Shiitake Onion Pakora/ Tempura Fritters – Part 3 of Saving Money on Party Snacks

when i have a craving for a snack with a high level of mouthfeel and belly satisfaction, I like to have Japanese-style tempura dumplings Prayed East Indian-style pakora fritters (link below). But being the kind of foodie that I am, I often enjoy cross-cultural international cuisine hybrid recipes. I was lucky one day with a great combination of snacks: shiitake onion “pakura” (pakora/tempura).

They are easy to make, but require a fryer and hot oil for best results. (As usual, be careful with hot oil. Minimize your distractions.) If you prefer, you can use a heavy cast iron skillet and fry the fritters. However, they will be denser, so you won’t get the light, fluffy, yet crispy texture. But they are still tasty fried.


  • 4 parts besan (also known as chickpea flour, chana flour, or chickpea flour). (You can find gram/chickpea flour in Italian markets and besan/chana in East/West Indian and Pakistani markets. Some large supermarkets will also have it in their international section. If you can’t find besan, grind dried chickpeas in a coffee or spice grinder..)
  • 1 part tapioca starch or tempura mix (preferred).
  • Salt + pepper to taste.
  • red pepper flakes [optional].
  • 1-2 parts of water. The amount of water will vary. You want to form a paste that is not too runny. You need to be able to bind the mushroom and onion stuffing together, and stay together in the oil.
  • 1 small onion, thinly sliced ​​and cut into separate pieces.
  • 4-8 canned shiitake mushrooms, cut into very thin strips. (If you want more texture, you can also use “wood ear” or “black fungus”. It is available in many Asian markets in dried form. Rehydrate some pieces in a bowl of warm water for 1 hour. Rinse, then cut into thin strips.)
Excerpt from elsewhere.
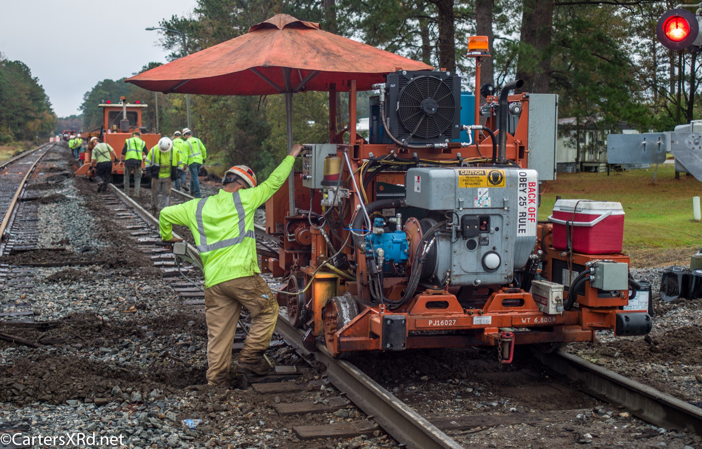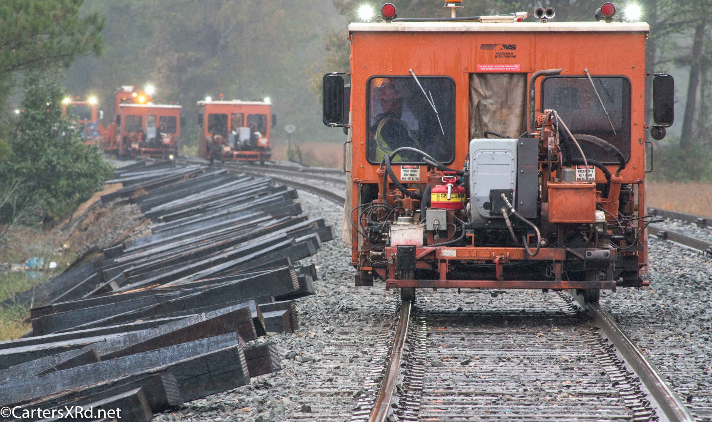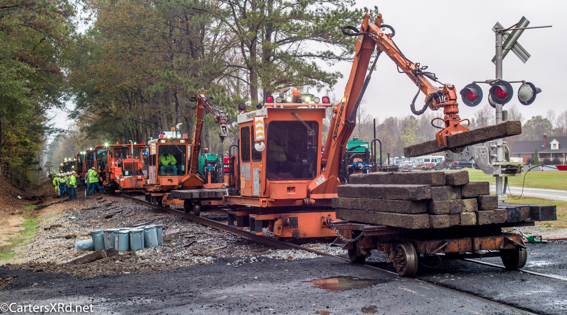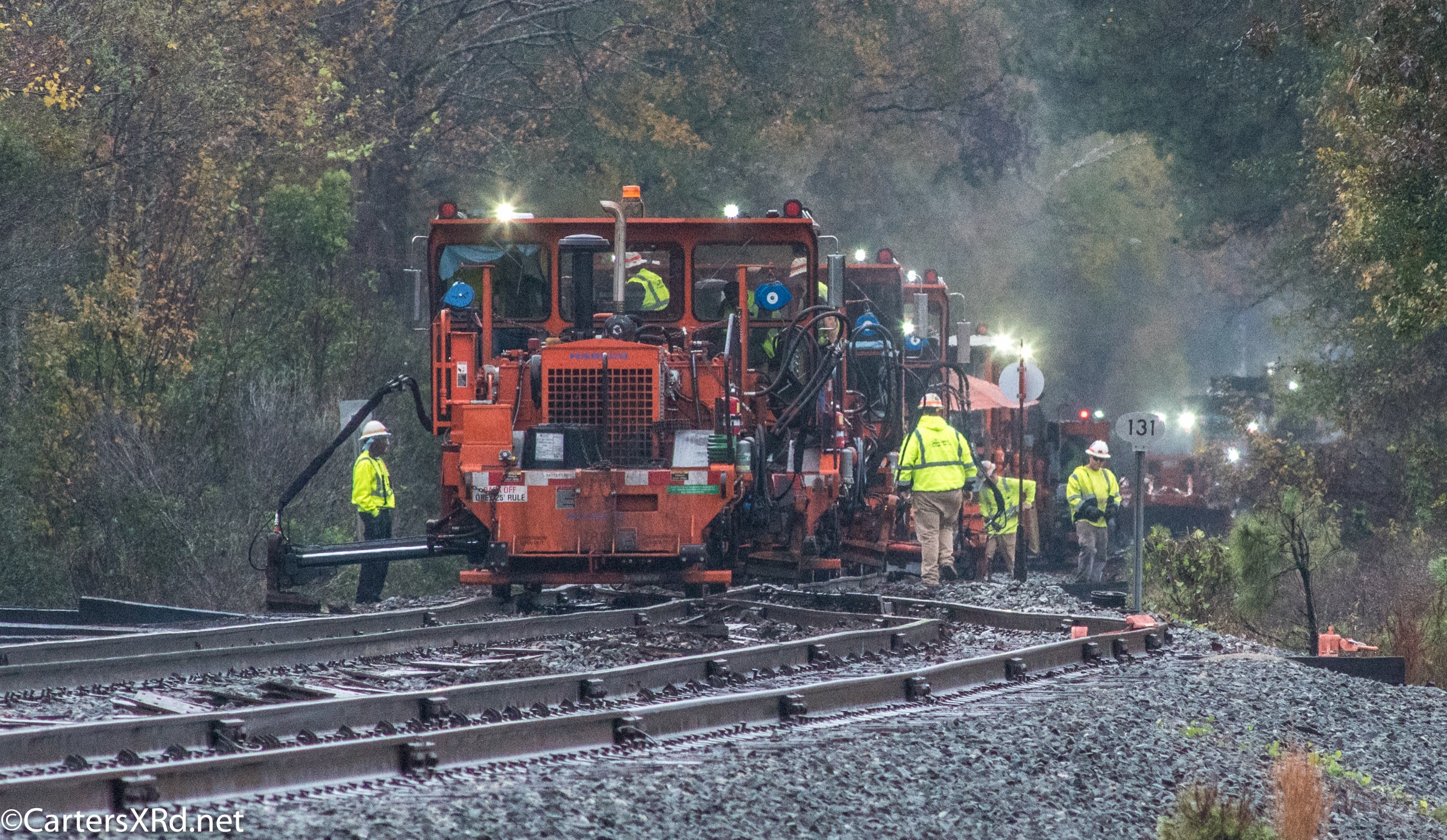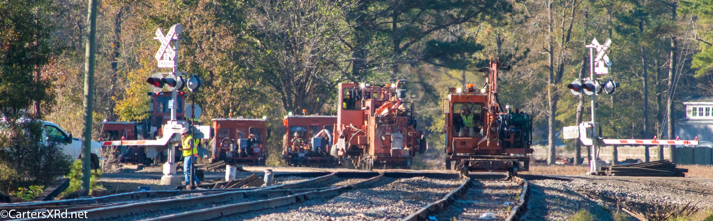 CHOCOWINITY NC — On Saturday November 17, Norfolk Southern’s traveling track crew equipment arrived in town. The train was broken down and distributed around the yard to be ready for Monday’s crew arrival. Monday morning, the crew of nearly 70 men hit the ground, unloaded their train, and cranked up dozens of machines which specialized in some small job that contributed to the finished track work. Each contraption seemed the work of a builder from some unknown place on the scale of madness to genius. This was the week of Thanksgiving, so work had to be finished in three days and the train reloaded if the team was to spend the holiday with their families. They made it. This is condensed gallery. If you are a real railroad fanatic you can find the full galleries here: Setup Weekend, Unload and Day One work, Day Two work, Day Three work and Reload.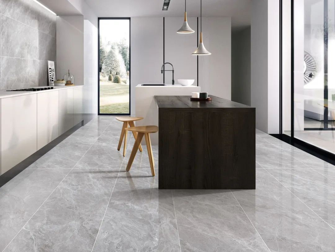 簡(jiǎn)約至上,開(kāi)放性的廚房更顯實(shí)用;“珀斯灰”具有優(yōu)質(zhì)的通體磚特性,上墻下地應(yīng)用自如。

  • Mix the dry ingredients well with a spoon or fork.
  • Add water slowly until a paste begins to form, slightly thicker than pancake batter.
  • Add the sliced ​​onion and shiitake pieces and mix well.
  • Heat the oil in a safe (heavy) pot or deep fryer. (If you’re using a cast iron skillet, just fry them in about 1/4 inch of oil.)
  • Carefully pour in a tablespoon of batter at a time. Don’t put too many fritters in each batch, otherwise the temperature of the oil will drop, causing the fritters to soak up the oil and become greasy.
  • Fry for 2 to 3 minutes on one side, then flip the fritters over with a slotted spoon and fry for 1 to 2 minutes on the other side. (While the fritters should be browned, keep in mind that chickpea flour is very high in protein, burns easily, and stinks when you make it. If possible, try to remove the small pieces of loose fried dough as soon as they are cooked or they will burn. If you’re using a deep fryer, this might be a bit tricky. Frying the fritters in a large pot is recommended if you don’t have a proper fryer and don’t want to use a skillet. The alternative is not to make the dough too watery. This means that you have to cook the fritters a little longer, as they will be thicker.)
  • Drain on a paper towel (kitchen paper).


Serve with a mix of hot and/or sweet sauces, such as chutneys, sambal oelek (spicy chili paste), sriracha (mild chili paste), plum sauce, sour cream, or onion sauce.

Link: High-Protein Chickpea Pakora Fritters – Part 2 of Saving Money on Party Snacks.